Embodiments relate to a method of manufacturing a display device providing visual information, and an electronic device including the display device.

A display device is a device that displays an image for providing visual information to a user. Among display devices, an organic light emitting diode display device has recently attracted attention.

The display device may include a driver such as a gate driver, a data driver, and the like. The gate driver may include multiple wirings to which a clock signal or the like is applied. When moisture and the like penetrates into the insulating layer covering the wirings, the clock signal or the like may be applied to the wirings with delay.

Embodiments provide a method of manufacturing a display device with improved quality.

Embodiments provide an electronic device including the display device.

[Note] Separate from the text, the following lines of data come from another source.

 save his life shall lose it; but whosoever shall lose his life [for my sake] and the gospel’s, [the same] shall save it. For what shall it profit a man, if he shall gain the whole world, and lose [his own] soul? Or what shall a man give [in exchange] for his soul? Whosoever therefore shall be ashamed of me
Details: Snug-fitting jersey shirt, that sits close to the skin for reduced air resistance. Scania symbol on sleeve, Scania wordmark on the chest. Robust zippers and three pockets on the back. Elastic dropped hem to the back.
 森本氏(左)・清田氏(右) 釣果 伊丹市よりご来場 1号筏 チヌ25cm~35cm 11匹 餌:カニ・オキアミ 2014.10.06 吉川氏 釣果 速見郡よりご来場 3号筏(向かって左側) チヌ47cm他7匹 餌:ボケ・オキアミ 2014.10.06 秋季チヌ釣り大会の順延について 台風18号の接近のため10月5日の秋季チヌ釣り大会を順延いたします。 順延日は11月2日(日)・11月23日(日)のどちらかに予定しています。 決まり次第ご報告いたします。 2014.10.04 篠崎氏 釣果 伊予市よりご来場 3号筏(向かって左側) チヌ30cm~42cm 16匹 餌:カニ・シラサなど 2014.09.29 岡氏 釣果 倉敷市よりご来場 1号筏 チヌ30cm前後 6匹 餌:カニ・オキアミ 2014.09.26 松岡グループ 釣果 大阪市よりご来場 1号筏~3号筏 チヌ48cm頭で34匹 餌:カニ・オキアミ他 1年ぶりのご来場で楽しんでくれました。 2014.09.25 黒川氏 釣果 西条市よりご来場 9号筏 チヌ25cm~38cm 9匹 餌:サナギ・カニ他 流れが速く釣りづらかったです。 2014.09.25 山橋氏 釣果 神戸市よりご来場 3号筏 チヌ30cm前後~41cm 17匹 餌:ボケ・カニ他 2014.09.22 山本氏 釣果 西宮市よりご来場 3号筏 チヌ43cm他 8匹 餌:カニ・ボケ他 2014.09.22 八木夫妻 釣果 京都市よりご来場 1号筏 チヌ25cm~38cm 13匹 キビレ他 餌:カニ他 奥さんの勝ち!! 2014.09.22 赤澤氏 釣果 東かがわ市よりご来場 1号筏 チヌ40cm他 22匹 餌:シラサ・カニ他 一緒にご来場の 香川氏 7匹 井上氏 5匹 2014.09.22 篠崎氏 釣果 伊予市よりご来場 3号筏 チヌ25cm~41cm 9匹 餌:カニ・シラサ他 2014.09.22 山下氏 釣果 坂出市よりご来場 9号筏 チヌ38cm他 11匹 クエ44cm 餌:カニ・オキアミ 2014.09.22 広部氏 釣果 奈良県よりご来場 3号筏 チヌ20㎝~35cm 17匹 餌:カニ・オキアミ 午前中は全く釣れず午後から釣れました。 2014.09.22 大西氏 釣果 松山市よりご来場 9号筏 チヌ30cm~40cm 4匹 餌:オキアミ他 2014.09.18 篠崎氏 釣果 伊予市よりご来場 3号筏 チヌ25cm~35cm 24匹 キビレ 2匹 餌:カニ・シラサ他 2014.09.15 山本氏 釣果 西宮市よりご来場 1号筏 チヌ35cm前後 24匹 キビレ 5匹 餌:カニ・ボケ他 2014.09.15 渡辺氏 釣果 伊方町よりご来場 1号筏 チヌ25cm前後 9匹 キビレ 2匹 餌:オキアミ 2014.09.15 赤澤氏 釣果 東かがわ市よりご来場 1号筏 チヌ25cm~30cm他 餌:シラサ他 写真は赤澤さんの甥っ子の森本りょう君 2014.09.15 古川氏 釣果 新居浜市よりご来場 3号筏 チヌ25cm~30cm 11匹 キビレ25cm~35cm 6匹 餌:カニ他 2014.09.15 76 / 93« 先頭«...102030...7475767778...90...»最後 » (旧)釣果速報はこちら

A method of manufacturing a display device according to an embodiment may include forming a transistor on a substrate including a display area and a non-display area surrounding at least a portion of the display area, forming a first conductive layer in the non-display area on the substrate, forming a first insulating layer covering the first conductive layer and the transistor, forming a protecting insulating layer at least partially overlapping the first conductive layer in a plan view on the first insulating layer, the protecting insulating layer including a first portion and a second portion having a thickness smaller than a thickness of the first portion, forming a second insulating layer at least partially overlapping the transistor in a plan view on the first insulating layer, removing a second portion of the protecting insulating layer, forming a first electrode connected to the transistor on the second insulating layer, forming a pixel defining layer covering a side portion of the first electrode on the second insulating layer, forming a light emitting layer on the first electrode, and forming a second electrode on the light emitting layer.

In an embodiment, the protecting insulating layer may include a first portion and the second portion having a thickness smaller than a thickness of the first portion.

In an embodiment, the removing of the second portion of the protecting insulating layer may be performed through a plasma ashing process.

In an embodiment, the method may further include forming a preliminary dam in the non-display area on the first insulating layer.

In an embodiment, the forming of the protecting insulating layer and the forming of the preliminary dam may be performed simultaneously.

In an embodiment, the first conductive layer may be disposed in a gate driver disposed in the non-display area on the substrate.

In an embodiment, a clock signal may be applied through the first conductive layer.

In an embodiment, the method may further include forming a second conductive layer spaced apart from the first conductive layer in a plan view in the non-display area on the substrate, the first conductive layer and the second conductive layer disposed on a same layer, and the second conductive layer applied with a clock signal.

In an embodiment, the method may further include performing plasma treatment on the first insulating layer after the removing of the second portion of the protecting insulating layer.

In an embodiment, the performing of plasma treatment on the first insulating layer may be performing nitrogen (N) plasma treatment on the first insulating layer.

In an embodiment, through the removing of the second portion of the protecting insulating layer, a thickness of the first portion of the protecting insulating layer may be reduced.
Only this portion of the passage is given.